**EXERCISE:** Using the data below, restate exactly every line from the one with "会上,副总裁刘敬梅、配方式美" up to and including the one with "Kapesní týdenní diář". No picture belongs in it.
━━━ DATA FOR REVIEW
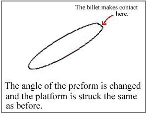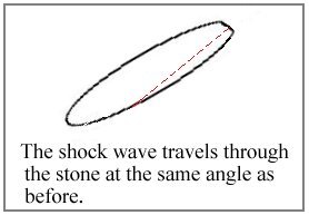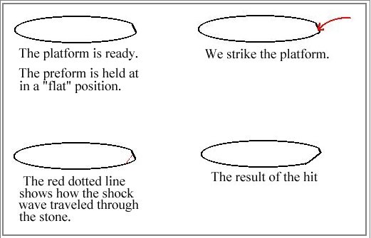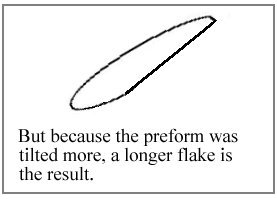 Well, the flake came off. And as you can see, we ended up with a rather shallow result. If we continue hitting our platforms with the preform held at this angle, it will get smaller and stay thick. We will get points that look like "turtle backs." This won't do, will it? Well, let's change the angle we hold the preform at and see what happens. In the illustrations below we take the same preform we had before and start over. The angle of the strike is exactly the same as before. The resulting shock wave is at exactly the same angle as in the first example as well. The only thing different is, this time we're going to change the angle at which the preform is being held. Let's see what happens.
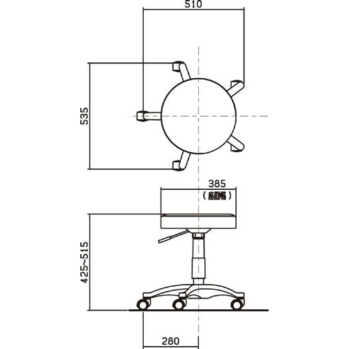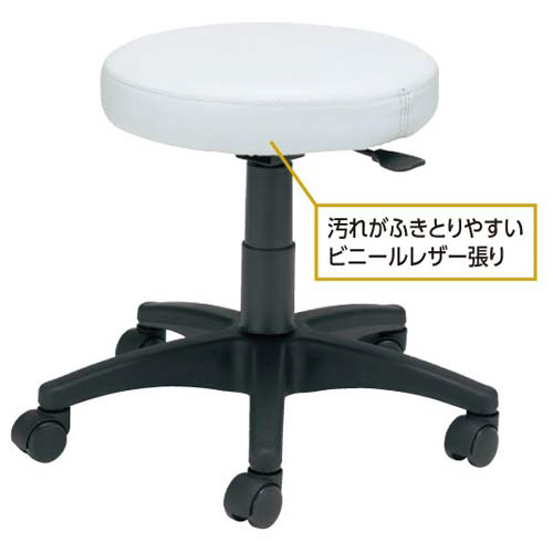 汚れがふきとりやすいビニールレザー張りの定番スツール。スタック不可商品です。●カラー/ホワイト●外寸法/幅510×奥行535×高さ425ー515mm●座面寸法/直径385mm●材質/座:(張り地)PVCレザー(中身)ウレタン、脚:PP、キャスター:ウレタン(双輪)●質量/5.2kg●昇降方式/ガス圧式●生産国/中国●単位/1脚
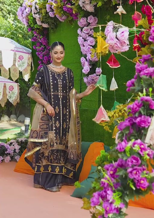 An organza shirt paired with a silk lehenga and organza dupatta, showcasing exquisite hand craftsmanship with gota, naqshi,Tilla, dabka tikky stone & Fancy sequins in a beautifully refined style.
━━━━━━
━━━ DATA FOR REVIEW
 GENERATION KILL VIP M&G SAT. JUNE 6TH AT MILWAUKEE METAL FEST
━━━━━━
━━━ DATA FOR REVIEW
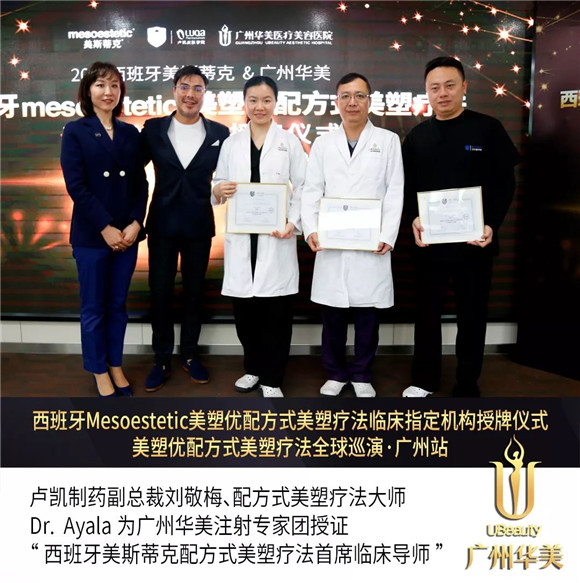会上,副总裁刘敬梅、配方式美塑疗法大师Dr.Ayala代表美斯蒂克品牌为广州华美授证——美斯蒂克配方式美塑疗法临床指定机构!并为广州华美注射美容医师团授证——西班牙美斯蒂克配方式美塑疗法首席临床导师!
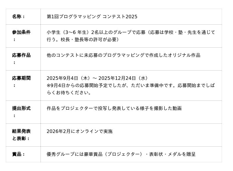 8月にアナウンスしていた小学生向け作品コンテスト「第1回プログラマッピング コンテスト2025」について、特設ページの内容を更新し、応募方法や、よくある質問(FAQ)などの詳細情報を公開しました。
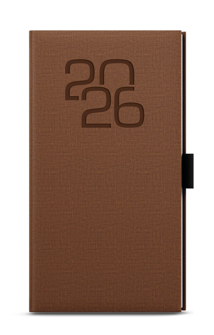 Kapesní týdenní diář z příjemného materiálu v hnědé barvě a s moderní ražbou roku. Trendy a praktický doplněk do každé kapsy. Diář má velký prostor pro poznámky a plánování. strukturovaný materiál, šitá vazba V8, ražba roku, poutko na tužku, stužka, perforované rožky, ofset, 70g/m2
━━━━━━
**SOLVED EXERCISE:**
会上,副总裁刘敬梅、配方式美塑疗法大师Dr.Ayala代表美斯蒂克品牌为广州华美授证——美斯蒂克配方式美塑疗法临床指定机构!并为广州华美注射美容医师团授证——西班牙美斯蒂克配方式美塑疗法首席临床导师!
 8月にアナウンスしていた小学生向け作品コンテスト「第1回プログラマッピング コンテスト2025」について、特設ページの内容を更新し、応募方法や、よくある質問(FAQ)などの詳細情報を公開しました。
 Kapesní týdenní diář z příjemného materiálu v hnědé barvě a s moderní ražbou roku. Trendy a praktický doplněk do každé kapsy. Diář má velký prostor pro poznámky a plánování. strukturovaný materiál, šitá vazba V8, ražba roku, poutko na tužku, stužka, perforované rožky, ofset, 70g/m2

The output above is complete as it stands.